Pursuant to Section 19(b)(1) of the Securities Exchange Act of 1934 (“Act”), [1] and Rule 19b-4 thereunder, [2] notice is hereby given that on April 1, 2011, The NASDAQ Stock Market LLC (“Nasdaq”) filed with the Securities and Exchange Commission (“Commission”) the proposed rule change as described in Items I and III below, which Items have been prepared by Nasdaq. Nasdaq has designated the proposed rule change as effecting a change described under Rule 19b-4(f)(6) under the Act, [3] which renders the proposal effective upon filing with the Commission. The Commission is publishing this notice to solicit comments on the proposed rule change from interested persons.

I. Self-Regulatory Organization's Statement of the Terms of the Substance of the Proposed Rule Change Back to Top

Nasdaq proposes to modify an initial listing standard for the Nasdaq Global Select Market. Nasdaq will implement the proposed rule change immediately.

The text of the proposed rule change is below. Proposed new language is in italics; proposed deletions are in brackets. [4]

5310. Definitions and Computations

(a)-(i) No change.

(j) In computing total assets and stockholders' equity for purposes of Rule 5315(f)(3)(D), Nasdaq will rely on a Company's most recent publicly reported financial statements subject to the adjustments described below:

(1) Application of Use of Proceeds—If a company is in registration with the SEC and is in the process of an equity offering, adjustments should be made to reflect the net proceeds of that offering, and the specified intended application(s) of such proceeds to:

(A) Pay off existing debt or other financial instruments: The adjustment will include elimination of the actual historical interest expense on debt or other financial instruments classified as liabilities under generally accepted accounting principles being retired with offering proceeds of all relevant periods or by conversion into common stock at the time of an initial public offering occurring in conjunction with the company's listing. If the event giving rise to the adjustment occurred during a time-period such that pro forma amounts are not set forth in the SEC registration statement (typically, the pro forma effect of repayment of debt will be provided in the current registration statement only with respect to the last fiscal year plus any interim period in accordance with SEC rules), the company must prepare the relevant adjusted financial data to reflect the adjustment to its historical financial data, and its outside audit firm must provide a report of having applied agreed-upon procedures with respect to such adjustments. Such report must be prepared in accordance with the standards established by the American Institute of Certified Public Accountants.

(B) Fund an acquisition:

(i) The adjustments will include those applicable with respect to acquisition(s) to be funded with the proceeds. Adjustments will be made that are disclosed as such in accordance with Rule 3-05 “Financial Statements of Business Acquired or to be Acquired” and Article 11 of Regulation S-X. Adjustments will be made for all the relevant periods for those acquisitions for which historical financial information of the acquiree is required to be disclosed in the SEC registration statement; and (ii) Adjustments applicable to any period for which pro forma numbers are not set forth in the registration statement shall be accompanied by the relevant adjusted financial data to combine the historical results of the acquiree (or relevant portion thereof) and acquiror, as disclosed in the company's SEC filing. Under SEC rules, the number of periods disclosed depends upon the significance level of the acquiree to the acquiror. The adjustments will include those necessary to reflect (a) the allocation of the purchase price, including adjusting assets and liabilities of the acquiree to fair value recognizing any intangibles (and associated amortization and depreciation), and (b) the effects of additional financing to complete the acquisition. The company must prepare the relevant adjusted financial data to reflect the adjustment to its historical financial data, and its outside audit firm must provide a report of having applied agreed-upon procedures with respect to such adjustments. Such report must be prepared in accordance with the standards established by the American Institute of Certified Public Accountants.

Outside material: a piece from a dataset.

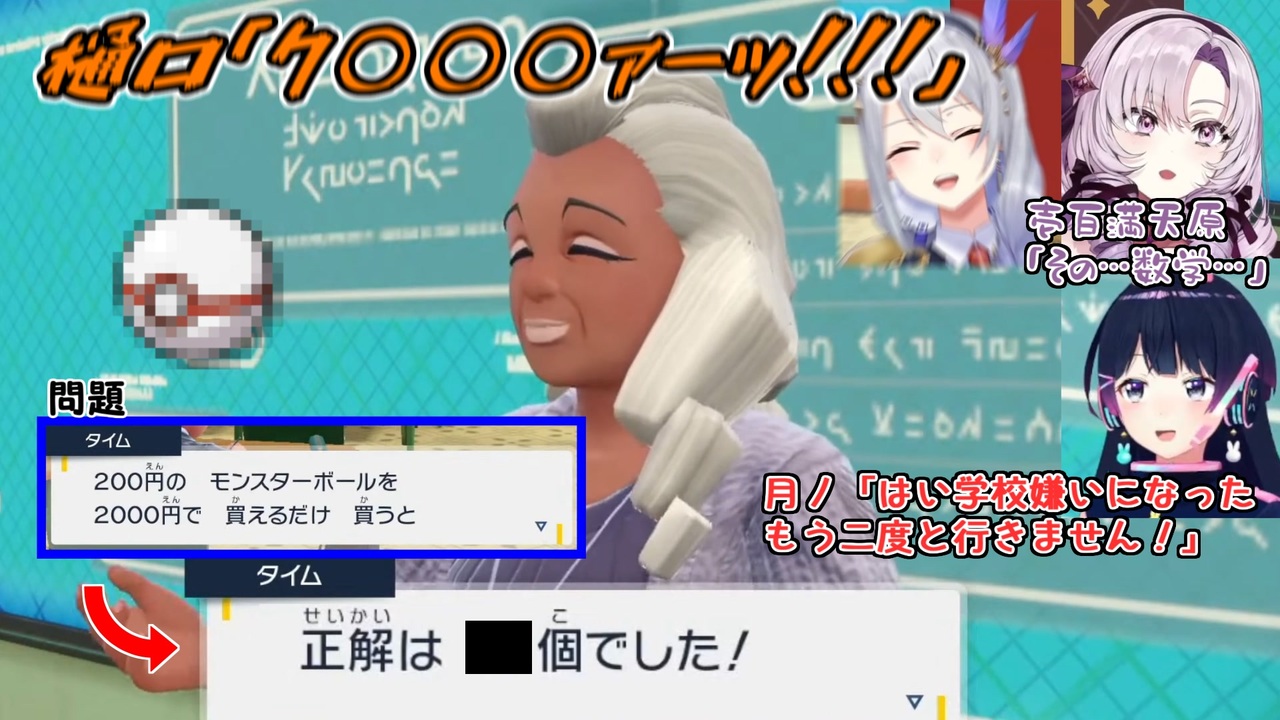 この手のひっかけ問題って運転免許の<br>試験とかに結構多いのよね<br><br>本家参考動画<br>・樋口楓<br>【ポケモンSV #2】入学したところから開始~ホゲータLv14~【にじさんじ / 樋口楓】<br><a href="https://youtu.be/MxLRpqHeT0I" target="_blank" rel="noopener nofollow">https://youtu.be/MxLRpqHeT0I</a><br>・壱百満天原サロメ<br>【ポケモンSV】14 ✦ 5タテされました□ 厳選旅パ おバイオレットでございます!【ですわ~】<br><a href="https://youtu.be/xXXqmSQ2OnY" target="_blank" rel="noopener nofollow">https://youtu.be/xXXqmSQ2OnY</a><br>・月ノ美兎<br>【ポケモンSV】いよいよ大詰め…ってこと!?<br><a href="https://youtu.be/-ebEjwvGFf4" target="_blank" rel="noopener nofollow">https://youtu.be/-ebEjwvGFf4</a><br><br>参考元チャンネル&Twitter<br>・樋口楓<br><a href="https://www.youtube.com/@HiguchiKaede" target="_blank" rel="noopener nofollow">https://www.youtube.com/@HiguchiKaede</a><br><a href="https://twitter.com/Higuchikaede" target="_blank" rel="noopener nofollow">https://twitter.com/Higuchikaede</a><br>・壱百満天原サロメ<br><a href="https://www.youtube.com/@HyakumantenbaraSalome" target="_blank" rel="noopener nofollow">https://www.youtube.com/@HyakumantenbaraSalome</a><br><a href="https://twitter.com/1000000lome" target="_blank" rel="noopener nofollow">https://twitter.com/1000000lome</a><br>・月ノ美兎<br><a href="https://www.youtube.com/@TsukinoMito" target="_blank" rel="noopener nofollow">https://www.youtube.com/@TsukinoMito</a><br><a href="https://twitter.com/MitoTsukino" target="_blank" rel="noopener nofollow">https://twitter.com/MitoTsukino</a><br><br>ニコニコのダイコンマンリスト<br>「バーチャルYouTuberシリーズ」↓<br><a href="https://www.nicovideo.jp/mylist/62551838" target="_blank" rel="noopener">mylist/62551838</a><br>「バーチャルYouTuberシリーズ2」↓<br><a href="https://www.nicovideo.jp/mylist/67858437" target="_blank" rel="noopener">mylist/67858437</a><br>「バーチャルYouTuberシリーズ3」↓<br><a href="https://www.nicovideo.jp/mylist/71340675" target="_blank" rel="noopener">mylist/71340675</a><br>「バーチャルYouTuberシリーズ4」↓<br><a href="https://www.nicovideo.jp/mylist/73995264" target="_blank" rel="noopener">mylist/73995264</a><br><br>ダイコンマンのTwitter<br><a href="https://twitter.com/Daikon_Man_V" target="_blank" rel="noopener nofollow">https://twitter.com/Daikon_Man_V</a>

(2) Acquisitions and Dispositions—In instances other than acquisitions (and related dispositions of part of the acquiree) funded with the use of proceeds, adjustments will be made for those acquisitions and dispositions that are disclosed as such in a company's financial statements in accordance with Rule 3-05 “Financial Statements of Business Acquired or to be Acquired” and Article 11 of Regulation S-X. If the disclosure does not specify pre-tax earnings from continuing operations, minority interest, and equity in the earnings or losses of investees, then such data must be prepared by the company's outside audit firm for the Exchange's consideration. In this regard, the audit firm would have to issue an independent accountant's report on applying agreed-upon procedures in accordance with the standards established by the American Institute of Certified Public Accountants.

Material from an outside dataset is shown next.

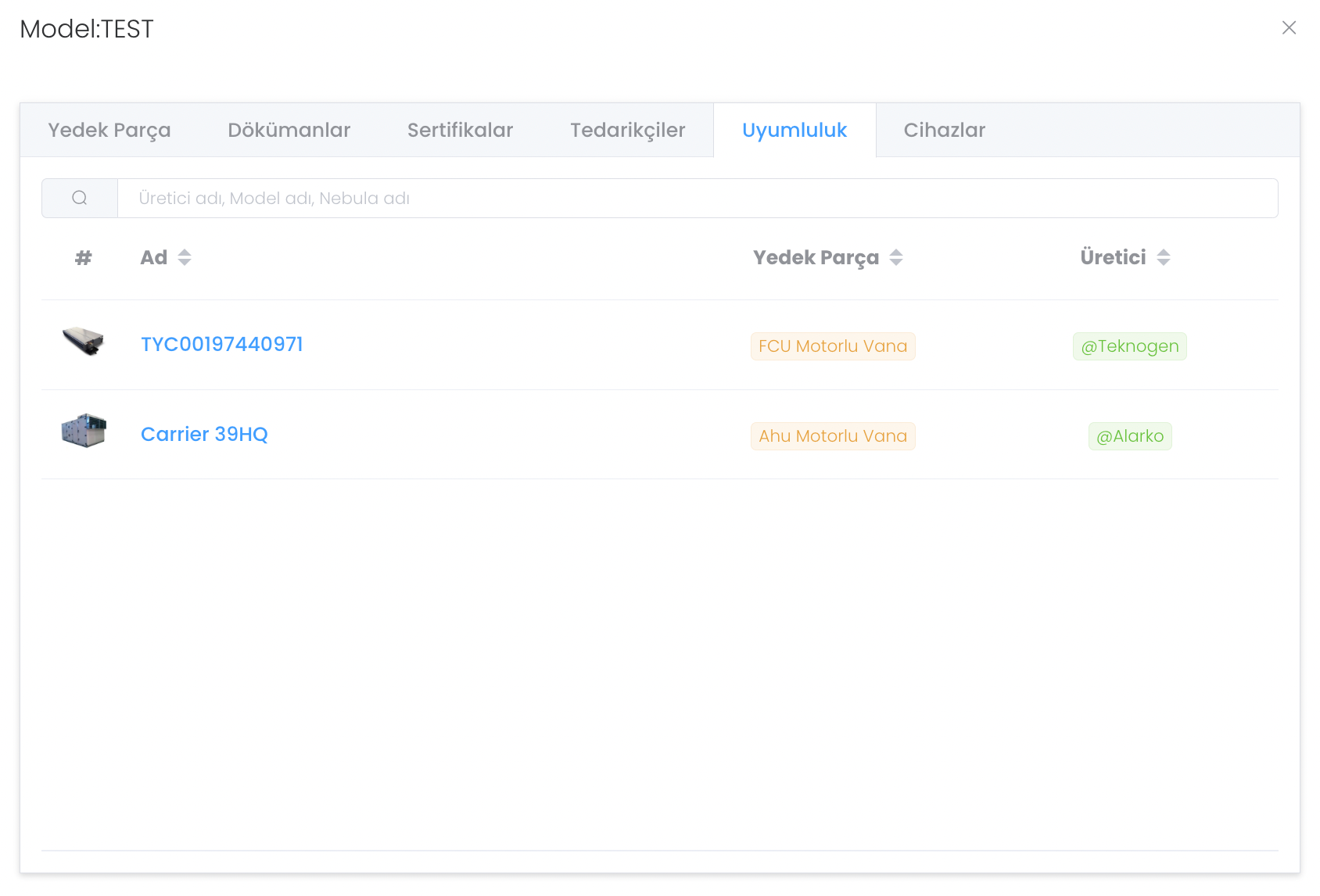 Uyumluluk bölümünden cihazların yedek parça ve üreticilerini görebilirken herhangi bir modelin üstüne tıkladığınızda ayrı bir panel açılır ve bu panelde modelin;

5315. Initial Listing Requirements for Primary Equity Securities

Rule 5310 provides guidance about computations made under this Rule 5315.

(a)—(e) No change.

(f)

(1)-(2) No change

(3) Valuation Requirement

A Company, other than a closed end management investment company, shall meet the requirements of sub-paragraph (A), (B), (C), or (D) below:

(A)-(C) No change.

(D) (i) Market capitalization of at least $160 million, (ii) total assets of at least $80 million [for the most recently completed fiscal year], and (iii) stockholders' equity of at least $55 million.

* * * * *

II. Self-Regulatory Organization's Statement of the Purpose of, and Statutory Basis for, the Proposed Rule Change Back to Top

In its filing with the Commission, Nasdaq included statements concerning the purpose of and basis for the proposed rule change and discussed any comments it received on the proposed rule change. The text of these statements may be examined at the places specified in Item IV below. Nasdaq has prepared summaries, set forth in Sections A, B, and C below, of the most significant aspects of such statements.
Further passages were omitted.